:: Data block ::
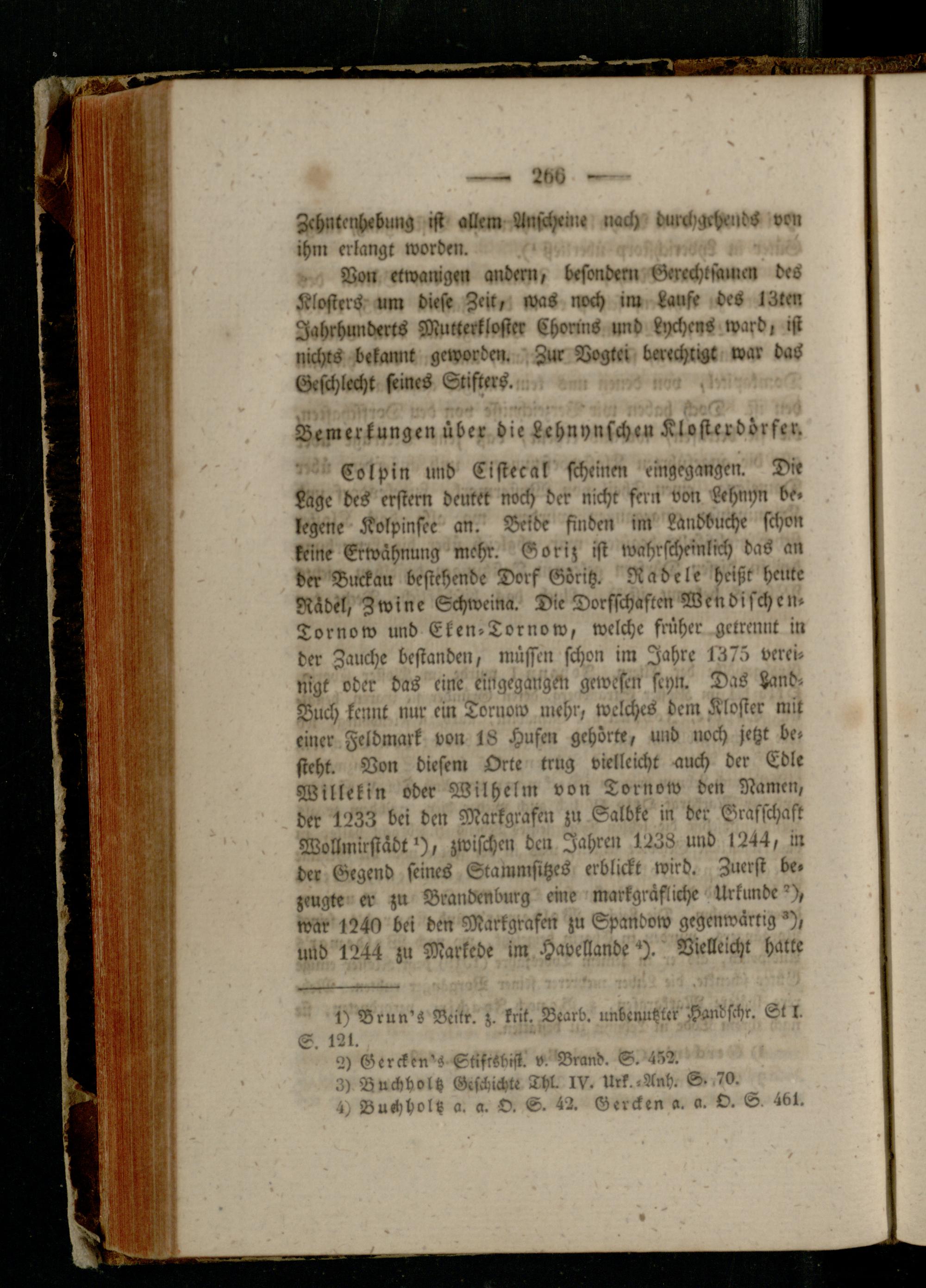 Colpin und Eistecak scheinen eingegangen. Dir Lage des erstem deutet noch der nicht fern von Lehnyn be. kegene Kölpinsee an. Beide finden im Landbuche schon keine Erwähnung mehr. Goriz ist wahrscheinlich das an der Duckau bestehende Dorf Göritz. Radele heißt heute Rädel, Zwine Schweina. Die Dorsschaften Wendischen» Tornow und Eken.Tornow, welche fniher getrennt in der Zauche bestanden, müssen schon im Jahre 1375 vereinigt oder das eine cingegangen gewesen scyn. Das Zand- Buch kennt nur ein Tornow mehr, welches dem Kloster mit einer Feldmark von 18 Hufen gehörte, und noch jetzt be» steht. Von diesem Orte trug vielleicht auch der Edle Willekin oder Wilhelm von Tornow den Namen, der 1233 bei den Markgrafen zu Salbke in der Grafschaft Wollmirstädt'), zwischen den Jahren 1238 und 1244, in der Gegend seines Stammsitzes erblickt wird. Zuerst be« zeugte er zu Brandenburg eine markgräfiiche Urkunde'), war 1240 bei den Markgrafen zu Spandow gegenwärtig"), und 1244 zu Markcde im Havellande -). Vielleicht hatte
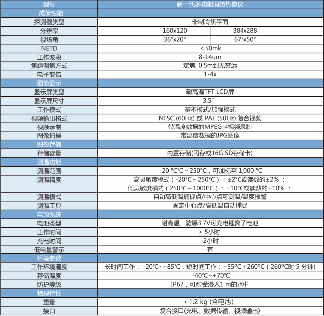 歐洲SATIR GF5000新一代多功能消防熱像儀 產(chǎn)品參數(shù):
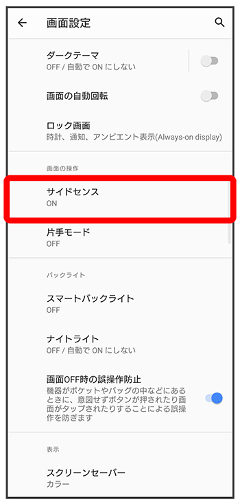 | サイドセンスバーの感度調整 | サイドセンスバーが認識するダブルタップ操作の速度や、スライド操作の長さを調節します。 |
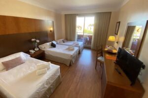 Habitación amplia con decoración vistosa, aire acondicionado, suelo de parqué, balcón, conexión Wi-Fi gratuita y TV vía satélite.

:: Exercise ::
Copy everything in the listing above exactly except the pictures.

:: Response below ::
 Colpin und Eistecak scheinen eingegangen. Dir Lage des erstem deutet noch der nicht fern von Lehnyn be. kegene Kölpinsee an. Beide finden im Landbuche schon keine Erwähnung mehr. Goriz ist wahrscheinlich das an der Duckau bestehende Dorf Göritz. Radele heißt heute Rädel, Zwine Schweina. Die Dorsschaften Wendischen» Tornow und Eken.Tornow, welche fniher getrennt in der Zauche bestanden, müssen schon im Jahre 1375 vereinigt oder das eine cingegangen gewesen scyn. Das Zand- Buch kennt nur ein Tornow mehr, welches dem Kloster mit einer Feldmark von 18 Hufen gehörte, und noch jetzt be» steht. Von diesem Orte trug vielleicht auch der Edle Willekin oder Wilhelm von Tornow den Namen, der 1233 bei den Markgrafen zu Salbke in der Grafschaft Wollmirstädt'), zwischen den Jahren 1238 und 1244, in der Gegend seines Stammsitzes erblickt wird. Zuerst be« zeugte er zu Brandenburg eine markgräfiiche Urkunde'), war 1240 bei den Markgrafen zu Spandow gegenwärtig"), und 1244 zu Markcde im Havellande -). Vielleicht hatte
 歐洲SATIR GF5000新一代多功能消防熱像儀 產(chǎn)品參數(shù):
 | サイドセンスバーの感度調整 | サイドセンスバーが認識するダブルタップ操作の速度や、スライド操作の長さを調節します。 |
 Habitación amplia con decoración vistosa, aire acondicionado, suelo de parqué, balcón, conexión Wi-Fi gratuita y TV vía satélite.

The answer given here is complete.